Another type of program advocacy that was viewed less favorably relates to the size of each program’s waitlist. More specifically, three surgeons suggested that well-resourced programs may operate “substitute” lists where individuals who are not currently sick enough for official listing are monitored until they become eligible. Problems with this approach arise when substitute lists are not shared with UNOS, as programs can adjust the size of their waitlist to influence their program-level transplant rate (Table 3, quote 12).
Waiting Period to Receipt of Transplant
The third major source of differential selection identified by respondents occurs between the waiting period and transplantation. Here, donor–organ availability and regional competition influence who receives a transplant (Table 4, quote 13). Specifically, transplant centers in less-competitive regions may have more flexibility in determining which patients receive which organs because they do not have to compete against other centers with patients with higher LAS. Moreover, the current allocation system encourages transplant centers to list high-risk patients but discourages centers from accepting high-risk or marginal-quality donor organs. Consequently, programs with patients primarily with lower LAS are forced to accept donor organs that were turned down by centers with patients with higher LAS: “it is unfair that you can have a very high LAS score and you could decide whatever lungs you wanna take”. Respondents acknowledged that assessments of donor organ quality could be subjective and admitted that they had no proof of higher-volume centers being overly selective with their donor organ acceptance criteria. However, they also indicated that when the best-quality donor organs continually go to higher-volume centers, “it makes you second guess the system”.
Table 4.
Theme | Exemplar Quote |
---|---|
Donor organ availability and regional competition | 13. “I think it depends on how easy access to organs your center has and how much competition too for those organs you have. Because if you’re in a 250-mile radius, and you have 10 centers in that radius, then you’re competing for the same organs across 10 centers. If, instead, you had three centers in that radius, or two or one, then you have a lot of offers for your patients. And so, you can wait until he gets sicker or you just transplant him, or you can put them on an LAS very low, and you still will have first bid to those organs.” [surgeon] |
Patient health vs. program health | 14. “These regulatory metrics, 30-day, 1-year mortality, have a very heavy impact on how surgeons and pulmonologists, number one, list patients, it becomes a selective bias.

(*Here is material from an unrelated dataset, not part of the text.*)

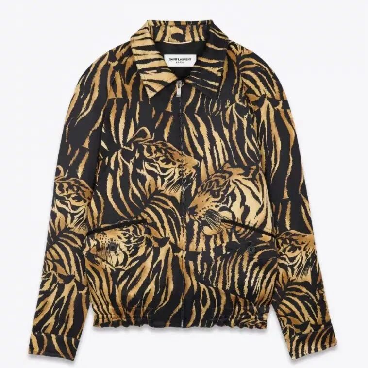 虎纹印花亚麻混纺拉链插肩夹克

And number two, how they transplant them (i.e., when they get an offer, they may be very risk-averse in certain settings or with certain donors or with any additional confounders that are encountered at the time of the offer.” [surgeon] |
15. “We’re handcuffed because there are no donor organs, our cohort is getting sicker and sicker, and conditional survival based on your frailty or condition at the time of transplant is compromised. [With a] precious resource that’s in short supply, your cohort is likely to get sicker, and the outcomes are likely to be worse so that the longer they sit on the list, the worse the outcomes are.” [surgeon] | |
Access to care vs. responsible stewardship of resources | 16. “I think we are intentionally biased to transplant patients that we think are gonna survive…because it’s a scarce resource. If you’re thinking about providing a treatment that’s a scarce resource that might compromise access to other patients, then I think it is reasonable to consider giving it to the patients where it may be more likely to be efficacious.” [surgeon] |
Definition of abbreviation: LAS = lung allocation score.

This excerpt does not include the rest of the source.